My horizons expanded. Something began to make sense. Slowly, it dawned upon me that this is the hard work, where the magic happens, and that I was finally progressing again. This is reinforced, every day, with the spiritual ethic that true recovery is in the daily grind. It took some weeks for me to calm down, but I did, forming bonds reminiscent of what life was like before being sick.
My hypervigilance and anxiety were finally granted slack, replacing paranoia with openness. This facilitated connection with and value of others. Soon, once a staunch anti-conformist, I began to learn how to truly care for others. I gave more. I was developing healthy and fulfilling relationships. Even if I am not close to someone, I still greet them, make small talk, and practice listening. Informal interactions on all levels matter! I was once deathly afraid of socializing. Now, I value it deeply, a pleasure long forgotten, recovering what I thought was gone. I believe: hopeful, grateful, and importantly, humble. No more danger.
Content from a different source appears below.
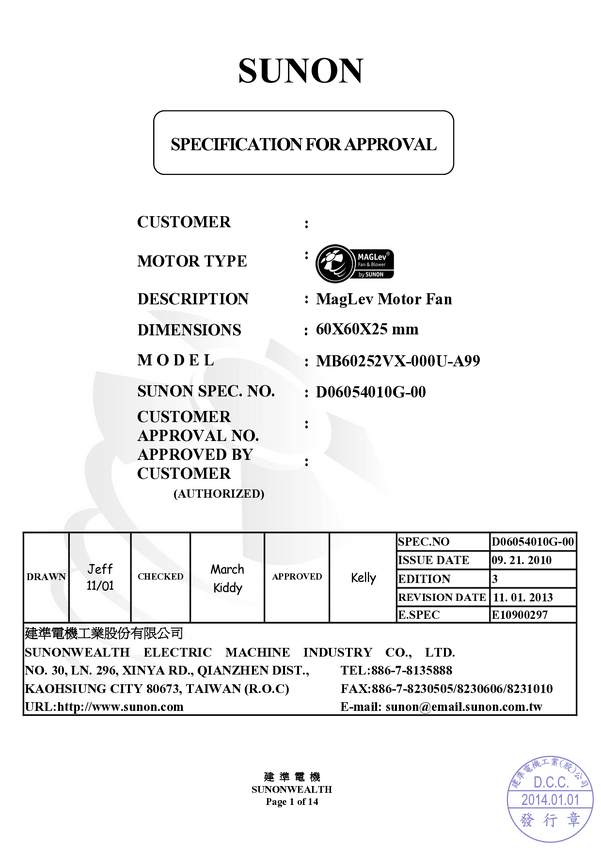 Wentylator 60x60x25mm 24 V DC prąd 0,11 A max0,127 A Moc 2,64W / 3,05 W 24 V DC - 8-27,6 V DC starting Voltage 8 V DC 5200 RPM 36,5 dBA trwałóość 70.000 godzin przy 40 stopniach dwu kabelkowy ; kabelek 26AWG dł. 300 mm Nadruk MB60252VX-000U-A99
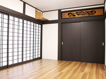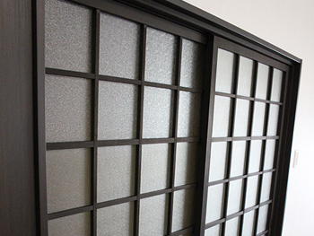 ガラス戸の格子や敷居なども塗装し、 シックに仕上げています |

I don’t know how PROS works as well as it does, but does that really matter? Maybe it richly simulates for those with mental illness what healthy people tend to take for granted. It’s another fair chance at life. For those who’ve regularly participated in the PROS program for some time, the benefits are obvious. It hurts to see many non-PROS people in the building visibly downcast and defeated, afraid of life. I used to be that person. Now, I hold my head high, but not too high. The program is empathetic, intimate, and liberal at root. It’s most of the time a very safe space, such that stigma in society fails to afford us.
As I experience it, PROS is a program for those dealing with a serious mental illness who want to pursue recovery. It is worth it. The worst has already happened.
—By Ben Komor
Ben Komor is a certified peer specialist and has served as an advisor to the Tompkins County Crisis Negotiation Team. He is a graduate of Ithaca High School, and holds a BA in Human Development and an MS in Health.